The copy must hold exactly the lines from the one with "다소 억울한 부분이 있더라도" through the end of the listing below, and nothing else, with no pictures.

§ Material provided
....

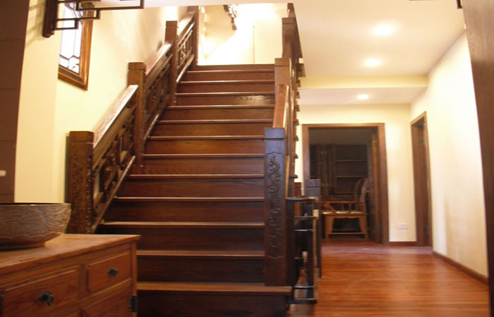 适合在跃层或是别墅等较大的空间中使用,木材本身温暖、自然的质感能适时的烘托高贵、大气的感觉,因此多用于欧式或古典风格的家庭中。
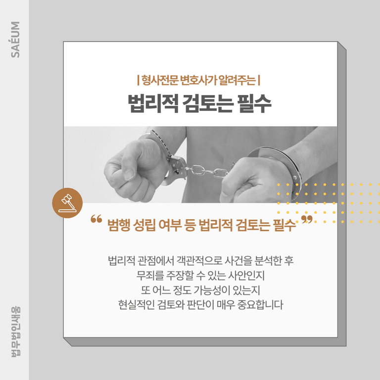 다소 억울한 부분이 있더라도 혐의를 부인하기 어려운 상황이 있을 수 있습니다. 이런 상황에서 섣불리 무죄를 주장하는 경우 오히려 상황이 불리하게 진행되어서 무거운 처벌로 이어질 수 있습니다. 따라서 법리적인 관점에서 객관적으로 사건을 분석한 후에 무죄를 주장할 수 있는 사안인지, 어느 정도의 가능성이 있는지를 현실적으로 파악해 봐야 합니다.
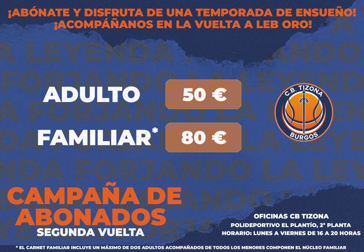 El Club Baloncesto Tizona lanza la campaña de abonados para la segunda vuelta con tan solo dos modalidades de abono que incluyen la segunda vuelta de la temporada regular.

....

§ Answer for the task
 다소 억울한 부분이 있더라도 혐의를 부인하기 어려운 상황이 있을 수 있습니다. 이런 상황에서 섣불리 무죄를 주장하는 경우 오히려 상황이 불리하게 진행되어서 무거운 처벌로 이어질 수 있습니다. 따라서 법리적인 관점에서 객관적으로 사건을 분석한 후에 무죄를 주장할 수 있는 사안인지, 어느 정도의 가능성이 있는지를 현실적으로 파악해 봐야 합니다.
 El Club Baloncesto Tizona lanza la campaña de abonados para la segunda vuelta con tan solo dos modalidades de abono que incluyen la segunda vuelta de la temporada regular.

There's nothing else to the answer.